### Entries shown:
● ● ● ● ●
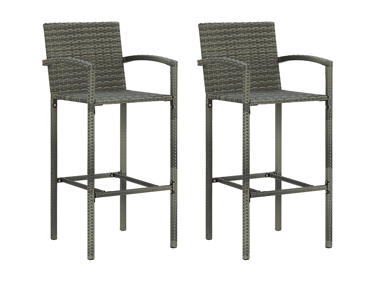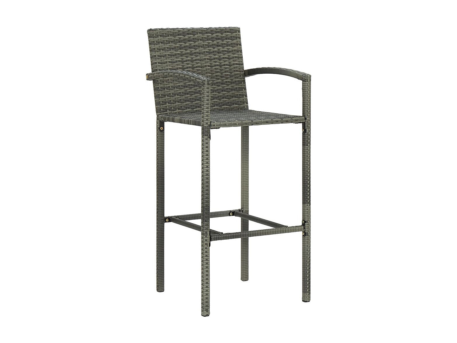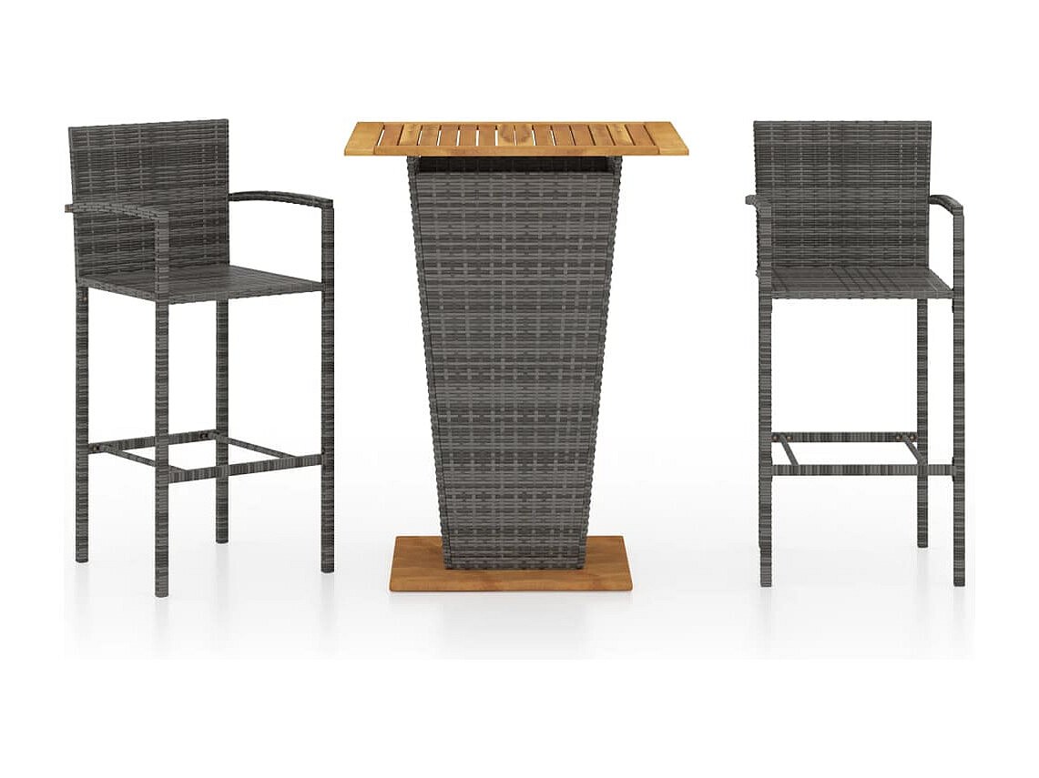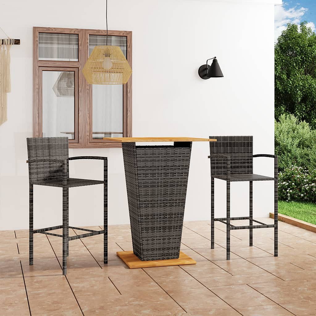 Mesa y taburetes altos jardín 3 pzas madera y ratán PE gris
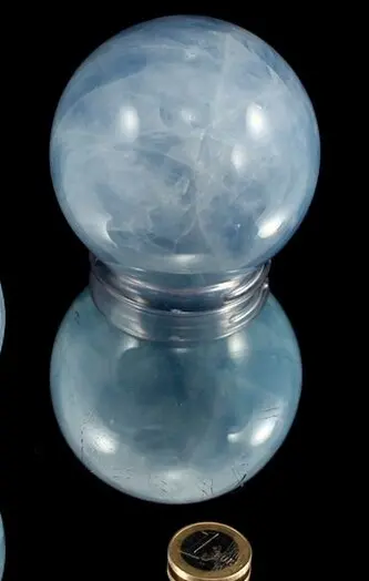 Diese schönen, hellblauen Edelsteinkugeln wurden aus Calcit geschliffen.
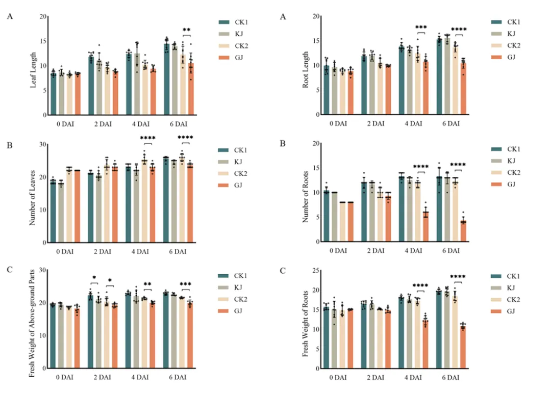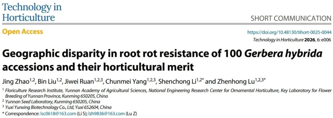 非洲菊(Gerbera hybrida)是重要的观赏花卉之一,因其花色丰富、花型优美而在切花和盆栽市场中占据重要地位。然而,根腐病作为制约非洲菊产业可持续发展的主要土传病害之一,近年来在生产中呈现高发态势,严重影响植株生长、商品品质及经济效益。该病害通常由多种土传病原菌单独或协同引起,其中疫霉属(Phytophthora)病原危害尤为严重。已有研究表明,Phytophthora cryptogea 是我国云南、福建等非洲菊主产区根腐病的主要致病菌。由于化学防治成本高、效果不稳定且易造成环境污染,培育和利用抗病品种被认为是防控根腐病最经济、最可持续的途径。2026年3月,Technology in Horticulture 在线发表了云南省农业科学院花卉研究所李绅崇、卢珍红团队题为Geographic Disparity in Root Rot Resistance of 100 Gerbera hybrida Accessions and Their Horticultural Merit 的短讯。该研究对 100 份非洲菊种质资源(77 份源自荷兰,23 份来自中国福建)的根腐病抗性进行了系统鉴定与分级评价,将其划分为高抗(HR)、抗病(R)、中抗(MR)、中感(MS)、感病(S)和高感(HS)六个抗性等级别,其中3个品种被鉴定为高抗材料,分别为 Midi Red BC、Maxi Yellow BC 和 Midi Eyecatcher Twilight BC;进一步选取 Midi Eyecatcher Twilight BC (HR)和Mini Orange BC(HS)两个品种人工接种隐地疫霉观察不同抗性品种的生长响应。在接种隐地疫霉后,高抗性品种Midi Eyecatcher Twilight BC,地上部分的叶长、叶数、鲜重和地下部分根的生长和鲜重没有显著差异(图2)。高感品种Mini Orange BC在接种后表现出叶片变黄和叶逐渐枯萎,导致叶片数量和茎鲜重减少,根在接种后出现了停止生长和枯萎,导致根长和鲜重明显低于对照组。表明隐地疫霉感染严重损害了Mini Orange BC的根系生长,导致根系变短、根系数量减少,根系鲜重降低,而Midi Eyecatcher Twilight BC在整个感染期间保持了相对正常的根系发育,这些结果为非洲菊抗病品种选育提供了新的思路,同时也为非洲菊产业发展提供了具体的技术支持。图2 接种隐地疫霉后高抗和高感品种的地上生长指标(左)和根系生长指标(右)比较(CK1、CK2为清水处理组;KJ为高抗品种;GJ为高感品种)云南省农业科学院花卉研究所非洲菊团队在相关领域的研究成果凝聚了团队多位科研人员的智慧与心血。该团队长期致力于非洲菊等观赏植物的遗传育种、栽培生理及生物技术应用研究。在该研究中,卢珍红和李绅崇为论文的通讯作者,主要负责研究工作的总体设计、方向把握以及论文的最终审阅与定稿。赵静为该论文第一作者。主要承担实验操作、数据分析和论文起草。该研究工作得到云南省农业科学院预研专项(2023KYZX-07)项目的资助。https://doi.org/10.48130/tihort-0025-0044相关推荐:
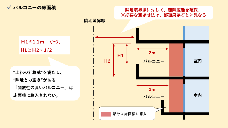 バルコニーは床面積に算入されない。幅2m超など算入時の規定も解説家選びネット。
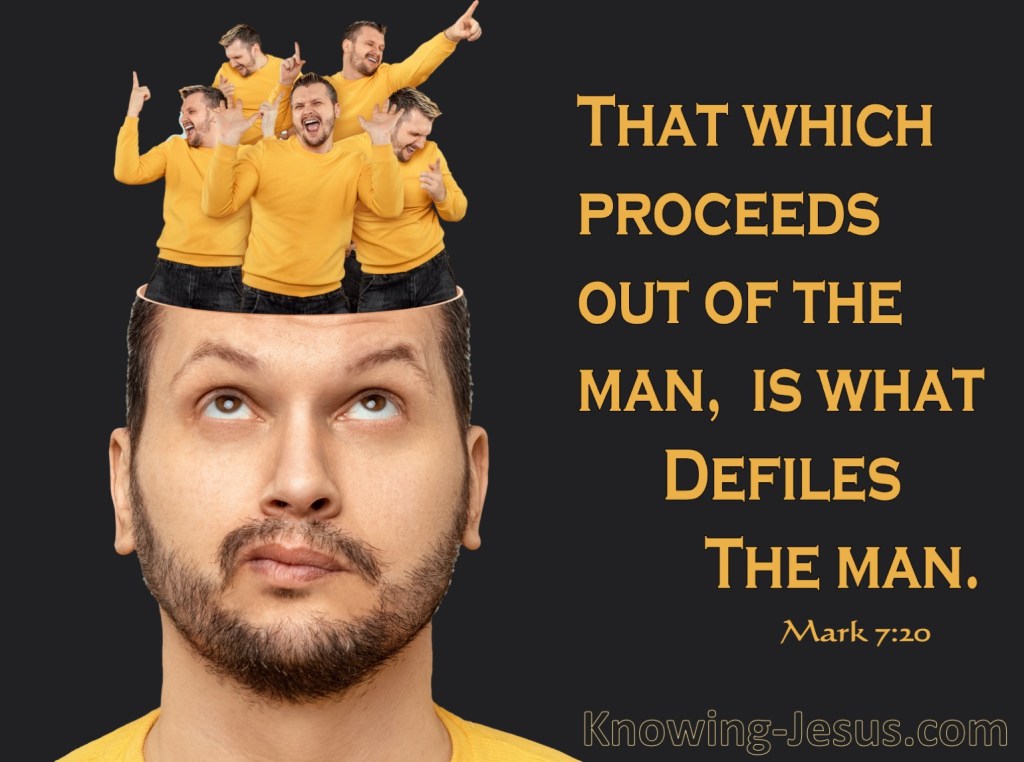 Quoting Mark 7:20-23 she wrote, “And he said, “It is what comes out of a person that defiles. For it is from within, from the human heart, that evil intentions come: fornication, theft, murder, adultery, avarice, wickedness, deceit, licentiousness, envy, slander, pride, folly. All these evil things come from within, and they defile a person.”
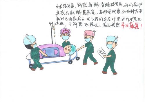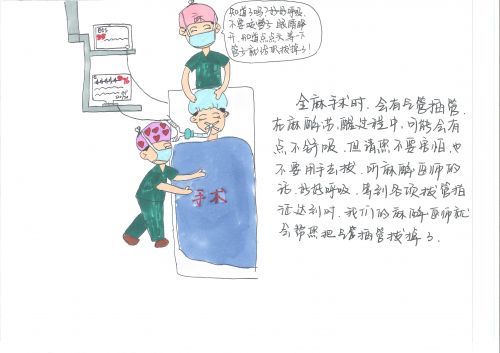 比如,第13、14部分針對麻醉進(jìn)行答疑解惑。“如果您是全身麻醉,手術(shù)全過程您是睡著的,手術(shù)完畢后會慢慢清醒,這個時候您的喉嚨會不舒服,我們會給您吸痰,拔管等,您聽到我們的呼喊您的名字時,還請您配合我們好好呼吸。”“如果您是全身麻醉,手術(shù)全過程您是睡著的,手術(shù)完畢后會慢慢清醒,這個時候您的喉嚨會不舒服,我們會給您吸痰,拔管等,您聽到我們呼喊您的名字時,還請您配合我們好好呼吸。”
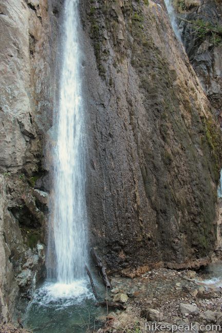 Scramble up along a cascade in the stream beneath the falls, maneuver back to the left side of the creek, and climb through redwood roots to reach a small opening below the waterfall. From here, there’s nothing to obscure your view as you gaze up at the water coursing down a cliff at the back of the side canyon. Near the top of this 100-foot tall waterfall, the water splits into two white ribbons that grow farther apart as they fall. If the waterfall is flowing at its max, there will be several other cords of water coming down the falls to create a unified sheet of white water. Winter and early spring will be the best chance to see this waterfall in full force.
● ● ● ● ●
### Directions for this task:
Any picture among the entries must be skipped; copy all else exactly.

### Exercise solution:
 Mesa y taburetes altos jardín 3 pzas madera y ratán PE gris
 Diese schönen, hellblauen Edelsteinkugeln wurden aus Calcit geschliffen.
 非洲菊(Gerbera hybrida)是重要的观赏花卉之一,因其花色丰富、花型优美而在切花和盆栽市场中占据重要地位。然而,根腐病作为制约非洲菊产业可持续发展的主要土传病害之一,近年来在生产中呈现高发态势,严重影响植株生长、商品品质及经济效益。该病害通常由多种土传病原菌单独或协同引起,其中疫霉属(Phytophthora)病原危害尤为严重。已有研究表明,Phytophthora cryptogea 是我国云南、福建等非洲菊主产区根腐病的主要致病菌。由于化学防治成本高、效果不稳定且易造成环境污染,培育和利用抗病品种被认为是防控根腐病最经济、最可持续的途径。2026年3月,Technology in Horticulture 在线发表了云南省农业科学院花卉研究所李绅崇、卢珍红团队题为Geographic Disparity in Root Rot Resistance of 100 Gerbera hybrida Accessions and Their Horticultural Merit 的短讯。该研究对 100 份非洲菊种质资源(77 份源自荷兰,23 份来自中国福建)的根腐病抗性进行了系统鉴定与分级评价,将其划分为高抗(HR)、抗病(R)、中抗(MR)、中感(MS)、感病(S)和高感(HS)六个抗性等级别,其中3个品种被鉴定为高抗材料,分别为 Midi Red BC、Maxi Yellow BC 和 Midi Eyecatcher Twilight BC;进一步选取 Midi Eyecatcher Twilight BC (HR)和Mini Orange BC(HS)两个品种人工接种隐地疫霉观察不同抗性品种的生长响应。在接种隐地疫霉后,高抗性品种Midi Eyecatcher Twilight BC,地上部分的叶长、叶数、鲜重和地下部分根的生长和鲜重没有显著差异(图2)。高感品种Mini Orange BC在接种后表现出叶片变黄和叶逐渐枯萎,导致叶片数量和茎鲜重减少,根在接种后出现了停止生长和枯萎,导致根长和鲜重明显低于对照组。表明隐地疫霉感染严重损害了Mini Orange BC的根系生长,导致根系变短、根系数量减少,根系鲜重降低,而Midi Eyecatcher Twilight BC在整个感染期间保持了相对正常的根系发育,这些结果为非洲菊抗病品种选育提供了新的思路,同时也为非洲菊产业发展提供了具体的技术支持。图2 接种隐地疫霉后高抗和高感品种的地上生长指标(左)和根系生长指标(右)比较(CK1、CK2为清水处理组;KJ为高抗品种;GJ为高感品种)云南省农业科学院花卉研究所非洲菊团队在相关领域的研究成果凝聚了团队多位科研人员的智慧与心血。该团队长期致力于非洲菊等观赏植物的遗传育种、栽培生理及生物技术应用研究。在该研究中,卢珍红和李绅崇为论文的通讯作者,主要负责研究工作的总体设计、方向把握以及论文的最终审阅与定稿。赵静为该论文第一作者。主要承担实验操作、数据分析和论文起草。该研究工作得到云南省农业科学院预研专项(2023KYZX-07)项目的资助。https://doi.org/10.48130/tihort-0025-0044相关推荐:
 バルコニーは床面積に算入されない。幅2m超など算入時の規定も解説家選びネット。
 Quoting Mark 7:20-23 she wrote, “And he said, “It is what comes out of a person that defiles. For it is from within, from the human heart, that evil intentions come: fornication, theft, murder, adultery, avarice, wickedness, deceit, licentiousness, envy, slander, pride, folly. All these evil things come from within, and they defile a person.”
 比如,第13、14部分針對麻醉進(jìn)行答疑解惑。“如果您是全身麻醉,手術(shù)全過程您是睡著的,手術(shù)完畢后會慢慢清醒,這個時候您的喉嚨會不舒服,我們會給您吸痰,拔管等,您聽到我們的呼喊您的名字時,還請您配合我們好好呼吸。”“如果您是全身麻醉,手術(shù)全過程您是睡著的,手術(shù)完畢后會慢慢清醒,這個時候您的喉嚨會不舒服,我們會給您吸痰,拔管等,您聽到我們呼喊您的名字時,還請您配合我們好好呼吸。”
 Scramble up along a cascade in the stream beneath the falls, maneuver back to the left side of the creek, and climb through redwood roots to reach a small opening below the waterfall. From here, there’s nothing to obscure your view as you gaze up at the water coursing down a cliff at the back of the side canyon. Near the top of this 100-foot tall waterfall, the water splits into two white ribbons that grow farther apart as they fall. If the waterfall is flowing at its max, there will be several other cords of water coming down the falls to create a unified sheet of white water. Winter and early spring will be the best chance to see this waterfall in full force.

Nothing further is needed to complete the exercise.